* [How to complete this task] Restate word for word the line containing "5.8.2021. Die Säntisspitze" and each line that follows it, through the last line below, and nothing else.

[Extracted data entries]
——————
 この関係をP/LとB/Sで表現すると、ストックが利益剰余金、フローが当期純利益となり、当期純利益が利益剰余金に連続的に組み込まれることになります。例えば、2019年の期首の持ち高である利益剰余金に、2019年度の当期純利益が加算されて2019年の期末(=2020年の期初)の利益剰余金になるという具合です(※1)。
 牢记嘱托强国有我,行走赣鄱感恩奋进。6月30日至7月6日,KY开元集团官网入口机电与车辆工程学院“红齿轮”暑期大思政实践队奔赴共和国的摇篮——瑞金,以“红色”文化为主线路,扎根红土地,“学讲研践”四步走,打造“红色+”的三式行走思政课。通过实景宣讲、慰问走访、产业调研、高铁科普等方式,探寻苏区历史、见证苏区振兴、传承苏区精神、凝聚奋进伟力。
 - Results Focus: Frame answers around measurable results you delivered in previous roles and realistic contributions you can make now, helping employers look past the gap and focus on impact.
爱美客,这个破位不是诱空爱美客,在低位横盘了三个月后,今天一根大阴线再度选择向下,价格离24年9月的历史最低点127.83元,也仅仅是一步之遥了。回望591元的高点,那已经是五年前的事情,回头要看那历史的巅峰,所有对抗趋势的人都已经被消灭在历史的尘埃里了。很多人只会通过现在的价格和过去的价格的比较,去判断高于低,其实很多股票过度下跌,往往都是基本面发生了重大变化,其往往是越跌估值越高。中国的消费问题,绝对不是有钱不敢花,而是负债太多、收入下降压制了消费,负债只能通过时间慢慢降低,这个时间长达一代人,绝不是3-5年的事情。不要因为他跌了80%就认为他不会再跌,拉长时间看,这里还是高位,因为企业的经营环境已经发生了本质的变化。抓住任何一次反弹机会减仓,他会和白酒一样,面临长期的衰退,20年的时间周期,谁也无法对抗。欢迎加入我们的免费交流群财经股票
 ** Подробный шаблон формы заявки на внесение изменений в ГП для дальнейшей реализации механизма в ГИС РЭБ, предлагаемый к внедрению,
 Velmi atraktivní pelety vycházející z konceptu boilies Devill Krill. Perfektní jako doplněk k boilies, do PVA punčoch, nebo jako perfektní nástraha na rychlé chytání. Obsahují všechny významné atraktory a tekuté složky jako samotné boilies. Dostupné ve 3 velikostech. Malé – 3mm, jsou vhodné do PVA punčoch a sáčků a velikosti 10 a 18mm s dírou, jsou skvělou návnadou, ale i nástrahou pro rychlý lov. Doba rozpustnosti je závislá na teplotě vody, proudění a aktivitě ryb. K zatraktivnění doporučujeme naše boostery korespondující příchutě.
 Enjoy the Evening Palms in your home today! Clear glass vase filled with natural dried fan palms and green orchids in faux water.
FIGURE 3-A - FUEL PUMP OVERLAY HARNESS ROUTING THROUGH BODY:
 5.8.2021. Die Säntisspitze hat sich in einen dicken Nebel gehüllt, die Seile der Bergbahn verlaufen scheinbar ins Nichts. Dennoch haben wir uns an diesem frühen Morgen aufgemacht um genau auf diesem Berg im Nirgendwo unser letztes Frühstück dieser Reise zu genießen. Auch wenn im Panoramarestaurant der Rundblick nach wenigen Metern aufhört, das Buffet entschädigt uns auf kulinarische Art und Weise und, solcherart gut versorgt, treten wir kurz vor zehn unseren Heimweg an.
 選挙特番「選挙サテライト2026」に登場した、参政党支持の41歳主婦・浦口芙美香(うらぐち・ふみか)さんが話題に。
——————
* [Response for this exercise]
 5.8.2021. Die Säntisspitze hat sich in einen dicken Nebel gehüllt, die Seile der Bergbahn verlaufen scheinbar ins Nichts. Dennoch haben wir uns an diesem frühen Morgen aufgemacht um genau auf diesem Berg im Nirgendwo unser letztes Frühstück dieser Reise zu genießen. Auch wenn im Panoramarestaurant der Rundblick nach wenigen Metern aufhört, das Buffet entschädigt uns auf kulinarische Art und Weise und, solcherart gut versorgt, treten wir kurz vor zehn unseren Heimweg an.
 選挙特番「選挙サテライト2026」に登場した、参政党支持の41歳主婦・浦口芙美香(うらぐち・ふみか)さんが話題に。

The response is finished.